The Dark Dragons continue to hunt their longtime enemies, the Light Dragons, and have driven them into isolation. Unbeknownst to the Dark Dragons, the Light Dragon Clan sealed away its dragon powers long ago. The game's protagonist, Ryu, is living peacefully in a village of Light Dragons survivors. Ryu was orphaned when he was young and was raised by his sister, Sara, a priestess who can summon powerful magic. One night he dreams of a dragon that warns him of impending danger; he awakens to find his village has been set ablaze. Sara uses her magic to draw the Dark Dragons away from Ryu and the other villagers, but is taken prisoner.

The Dark Dragon Emperor, Zog, has announced that it is the birthright of the Dark Dragons to conquer the planet. Zog intends to release Tyr by assembling the six Goddess keys. Ryu leaves the village and embarks on a quest to collect the keys before Zog can.

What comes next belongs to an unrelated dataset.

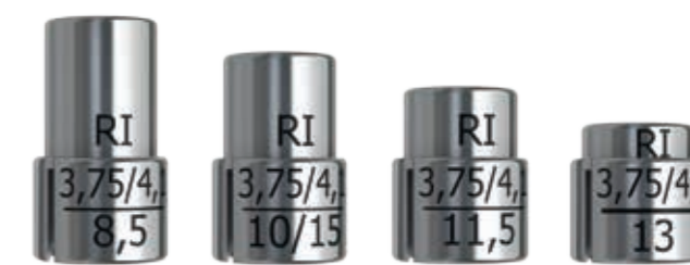
Drill stops for depth drill RI 3.75-4.1 Art. No. 57608

Breath of Fire's development was revealed as early as June 1991, where it was listed as an upcoming Capcom title in Famitsu Issue No. 133. The game was conceived by Yoshinori Kawano, who directed the game and had come up with the scenario for the first part of the game in a week.[1]

Tokuro Fujiwara, who served as producer for all console titles by Capcom during the NES and SNES era, also produced the game. Fujiwara would later explain Breath of Fire was created because he wanted Capcom to branch out from action games to other genres, including RPGs. Although he had made Sweet Home, a survival horror/RPG hybrid for the Famicom prior, he considered Breath of Fire the first true RPG Capcom developed.[2]

After an application and a company competition entry was submitted by Makoto Ikehara, Kawano urged one of his seniors to hire him to work on Breath of Fire. Kawano cites Ikehara's hiring as making it possible for the game to be completed.[1]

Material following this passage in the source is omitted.